Update on Strategic Lawsuits Against Public Participation

Overview

Last week the Government announced that it will be introducing legislation that enables judges to use procedural shortcuts to dismiss so-called Strategic Lawsuits Against Public Participation (or "SLAPPs") at an early stage. This follows a campaign by UK newspapers to prevent wealthy individuals from issuing SLAPPs with the intention of preventing legitimate public interest journalism.

In this briefing we provide an overview of (i) the status of the proposed legislative changes, and also (ii) the Solicitors Regulation Authority's ("SRA") recent warning to practitioners on their conduct when asked by clients to bring SLAPPs.  We have previously written about these developments, and our briefing in August contains additional helpful background and context.

What is a SLAPP?

There is currently no legal or statutory definition of a SLAPP, but the term is most often used to describe a form of retaliatory litigation intended to deter freedom of expression. This type of litigation tends to be brought by powerful individuals or entities (such as lobby groups, corporations, and state organs) to target acts of public participation which are of social importance, all with a view to preventing information which is in the public interest from being published. SLAPPs are most routinely deployed against watchdogs, journalists, human rights defenders, and civil society organisations who have an active role in the protection of democracy and the rule of law. Their purpose is to censor, intimidate and silence critics by burdening them with the pressure and costs of litigation.

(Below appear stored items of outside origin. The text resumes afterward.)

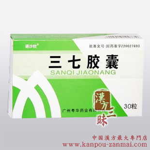 散瘀止血,打撲ねんざによる内出血や外傷による出血時の止血、消腫、止痛。この薬品はカプセル状で、100%の漢方薬です。味が苦いものです。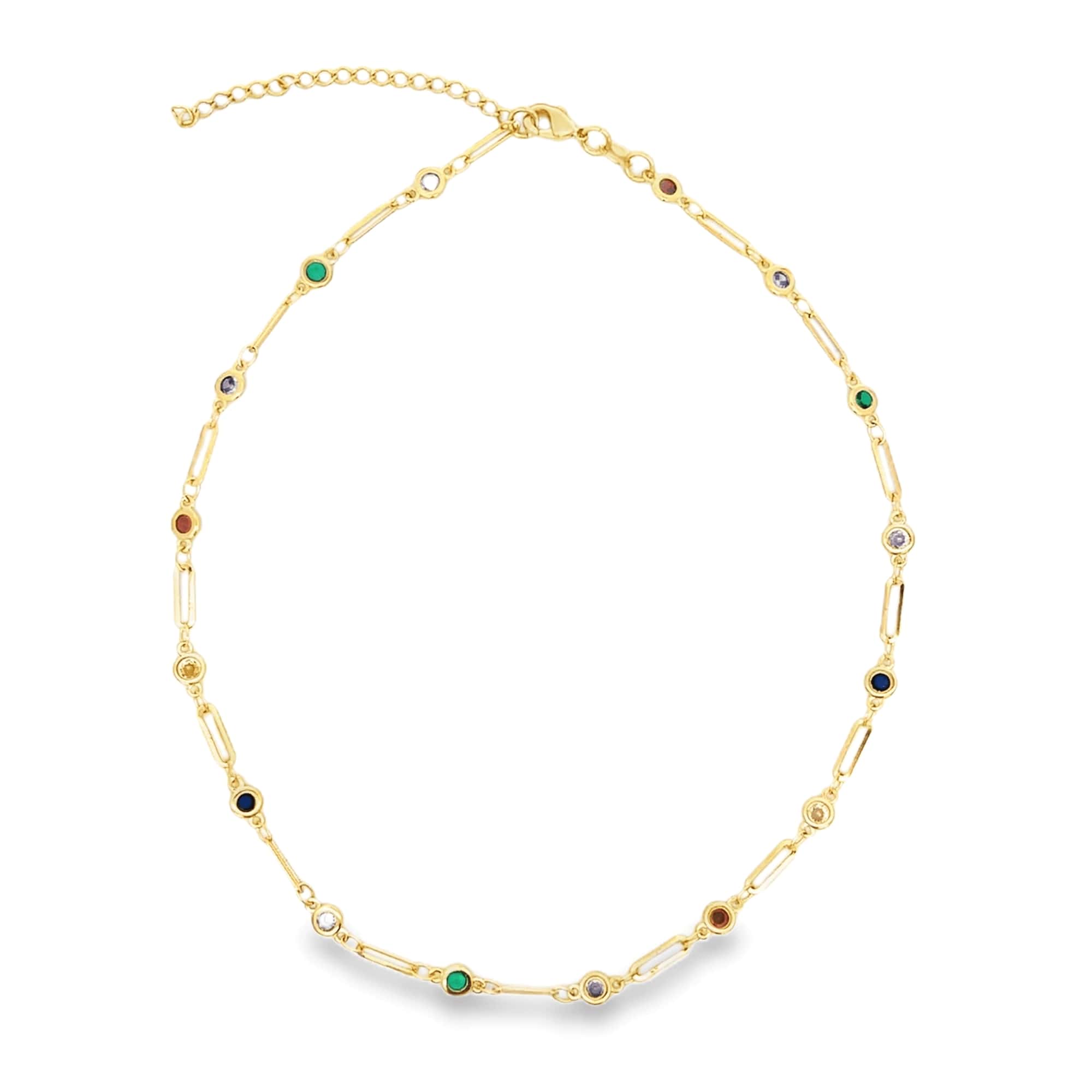 Multicolor CZ Round Charm Clip Link Choker (H288/I132B)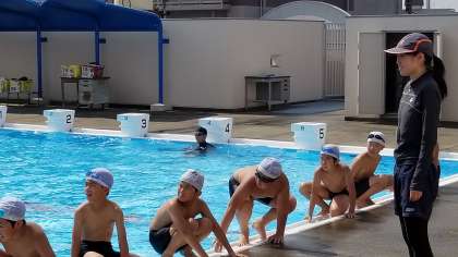 気温が高く、プールサイドの指導を短くして指導しています。また、複数教員が体制を組んで指導しています。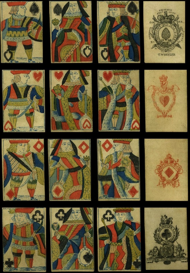 William Wheeler was assigned a Garter AS in 1821 and is listed in directories at 11 King St., Snow Hill from 1822-28. A pack of his cards has recently been illustrated by Neil Darbyshire in the EPCS Newsletter.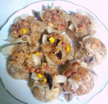 2、饭好后焖一会,待稍冷却后取一张烧麦皮(没烧麦皮用馄饨皮也行)中间放烧好的糯米饭,然后四周慢慢捏拢,上面馅料露出来没关系,用手轻轻压紧下就好了。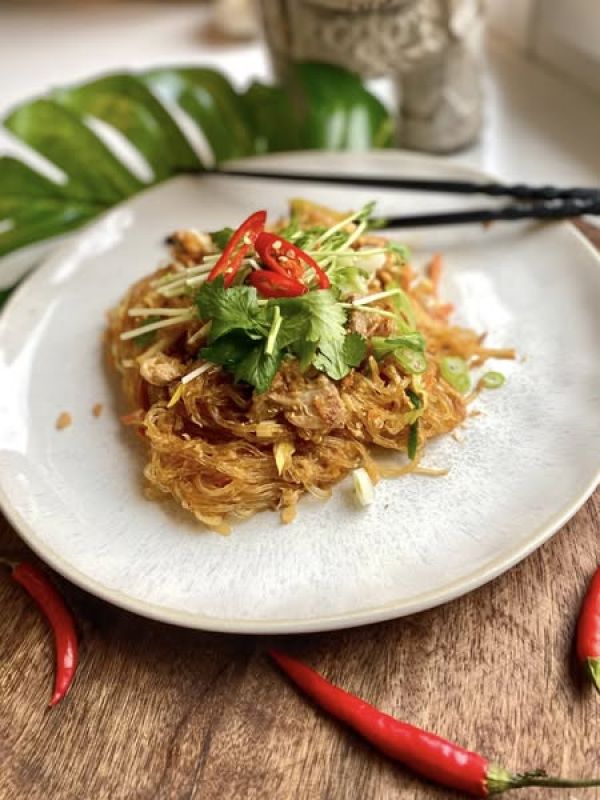 280g Těstovinový salát se 120g kuřecích prs, dip, zelenina, opečený toast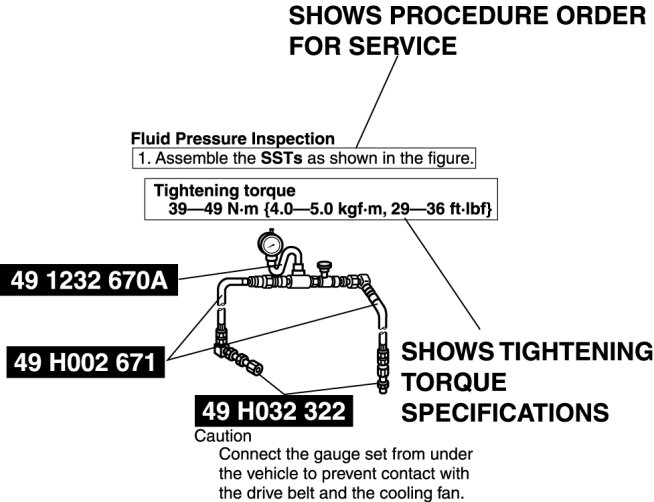 - Simple operations which can be performed easily just by looking at the vehicle (i.e., removal/installation of parts, jacking, vehicle lifting, cleaning of parts, and visual inspection) have been omitted.

Proposed legislative changes

In March 2022 the Ministry of Justice published a call for evidence addressing SLAPPs, with a commitment to pursue procedural reform to disincentivise the use of SLAPPs by litigants.  The Ministry received 120 responses and published its own response in July 2022.  Since then, however, there has been little (public) evidence of progress, which has led to the latest push by Labour MPs, journalists and media organisations to put the SLAPP reforms back on the Government's agenda.  On 24 November 2022, a failed attempt was made by a Labour MP to add a SLAPP reform rider to the Economic Crimes Bill, and in the following week a coalition of media editors, publishers and lawyers followed this up with a call to hasten an anti-SLAPP law.  Whilst the Ministry of Justice responded by saying that the issue was of "utmost importance" and reforms would be introduced "as soon as possible", there is no  timetable in place as yet.  The Government's agenda has undoubtedly been stalled over the summer with the various changes to ministerial portfolios, although we note that Dominic Raab, the Secretary of Justice at the time the call for evidence was published in March 2022, has recently been reinstated to his former position. 

SRA announcement

On 28 November 2022, the SRA issued a warning on the use of SLAPPs, with a particular focus on pre-action letters.  This move from the SRA had been foreshadowed for some time: see our September briefing on the subject of the SRA's interest in SLAPPs, and the use of pre-action correspondence. 

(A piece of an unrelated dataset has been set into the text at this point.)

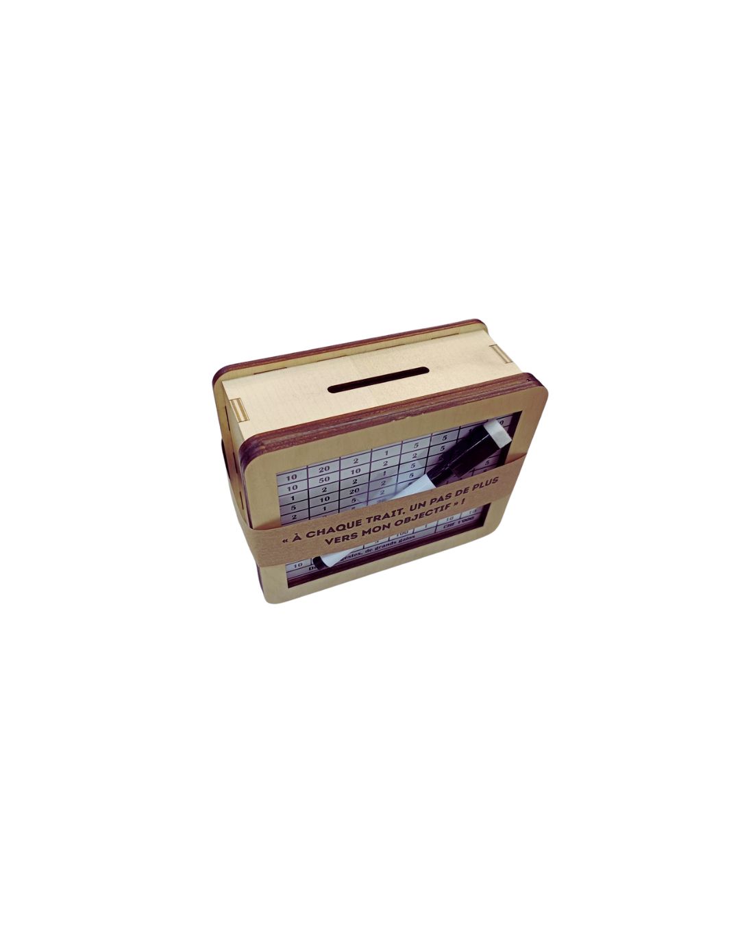 Le feutre fourni permet de cocher chaque montant inséré, et un petit orifice avec capuchon permet de récupérer vos économies.

The SRA's warning summarises, in broad terms, the Government's proposed test (as set out in its response to the call for evidence) to identify a SLAPP suit, before outlining how the existing Code of Conduct should apply in the context of a scenario where a client requests a SLAPP-type claim to be issued.  The SRA's warning states that it expects practitioners to identify when a proposed cause of action could be a SLAPP and, if such a situation is identified, should "decline to act in this way".  The SRA suggests several "red flags" which may aid practitioners in identifying whether a cause of action may be a SLAPP, including (i) identifying the target of the suit (e.g. a journalist or academic), (ii) the nature of the instructions (e.g. if the instructions only relate to "public relations") and (iii) the nature of the strategy (e.g. if a client requests that a cause of action target individuals in circumstances where a corporate entity is the more appropriate defendant ). 

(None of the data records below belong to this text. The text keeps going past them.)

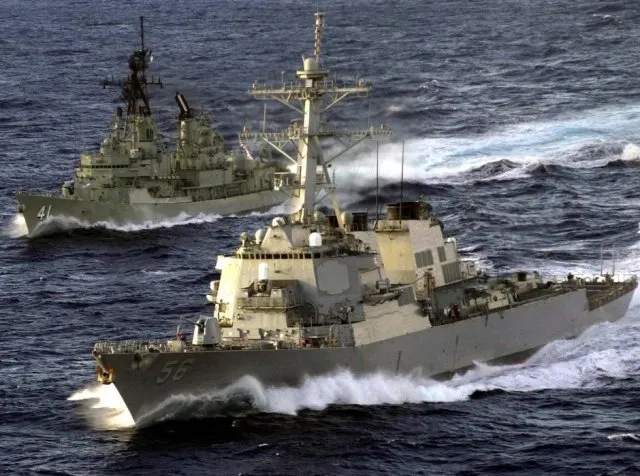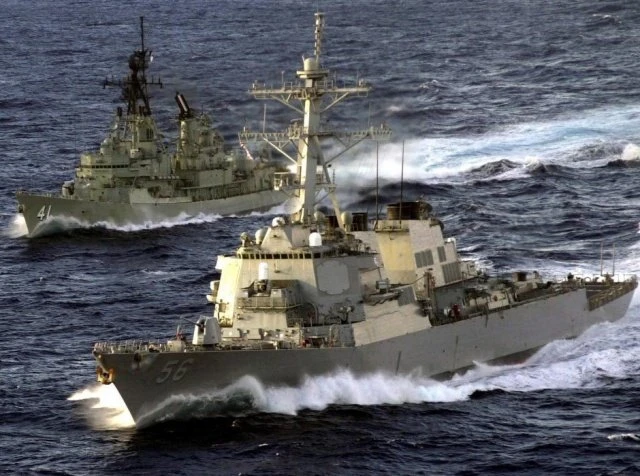 Tàu khu trục USS John S. McCain của Mỹ (phải) đã gặp nạn tại eo biển Malacca, 10 thủy thủ hiện đang mất tích.
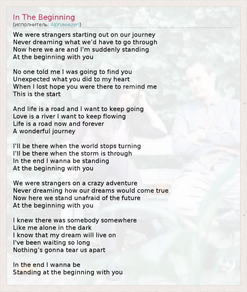 We were strangers starting out on our journey Never dreaming what we'd have to go through Now here we are and I'm suddenly standing At the beginning with you No one told me I was going to find you Unexpected what you did to my heart When I lost hope you were there to remind me This is the start And life is a road and I want to keep going Love is a river I want to keep flowing Life is a road now and forever A wonderful journey I'll be there when the world stops turning I'll be there when the storm is through In the end I wanna be standing At the beginning with you We were strangers on a crazy adventure Never dreaming how our dreams would come true Now here we stand unafraid of the future At the beginning with you I knew there was somebody somewhere Like me alone in the dark I know that my dream will live on I've been waiting so long Nothing's gonna tear us apart In the end I wanna be Standing at the beginning with you
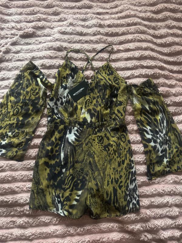 Комбінезон шорти, ромпер сукня шифон змія пітон леопард відкриті плечі

The SRA also states that it expects practitioners to consider whether the proposed cause of action is meritless or disproportionate, and for solicitors to take "reasonable steps" to satisfy themselves  "that a claim is properly arguable before putting it forward".  Finally, the SRA addresses the use of pre-action correspondence in circumstances where a recipient may be vulnerable or unrepresented, including warning against the use of terms such as "private & confidential" and "without prejudice" in circumstances where those terms are in fact unfulfilled. 

Conclusion

As we noted back in September, it is interesting to see these parallel efforts to address the use of SLAPPs in this jurisdiction: the Government's approach is to change existing court procedure, whilst the SRA's approach is to address the tactics utilised by some lawyers outside of the courtroom (e.g. in the use of correspondence).  These two approaches (i.e. the "hard" approach by the Government and the "soft" approach by the SRA) may prove to be complementary.  However, the Government's approach appears to have stalled, whereas the SRA has already put in place measures that require solicitors carefully to consider their role and duties if they reasonably suspect that they are being instructed to facilitate a SLAPP.